(Directions) Reproduce the lines of the material exactly, excluding every image.

(Data segment)

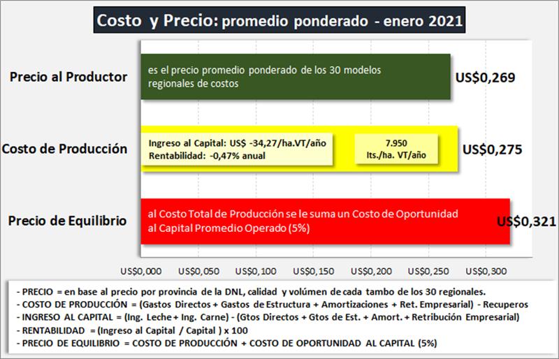 Costo de Producción de US$ 0,275/litro y el Precio de Equilibrio de US$ 0,321/litro.
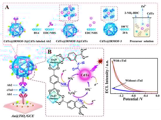 (A) Preparation of the signal probe. (B) Possible mechanism of IRMOF−3 accelerator-mediated enhancement of cTnI detection in the CdTe/S2O82− system. Reproduced with permission from [70]. Copyright 2018, American Chemical Society.
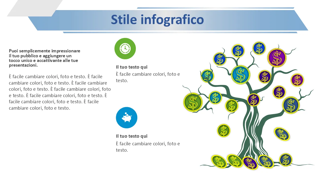 - Linguaggio di progettazione coerente in tutte le diapositive per una narrazione coerente

(Response area)
 Costo de Producción de US$ 0,275/litro y el Precio de Equilibrio de US$ 0,321/litro.
 (A) Preparation of the signal probe. (B) Possible mechanism of IRMOF−3 accelerator-mediated enhancement of cTnI detection in the CdTe/S2O82− system. Reproduced with permission from [70]. Copyright 2018, American Chemical Society.
 - Linguaggio di progettazione coerente in tutte le diapositive per una narrazione coerente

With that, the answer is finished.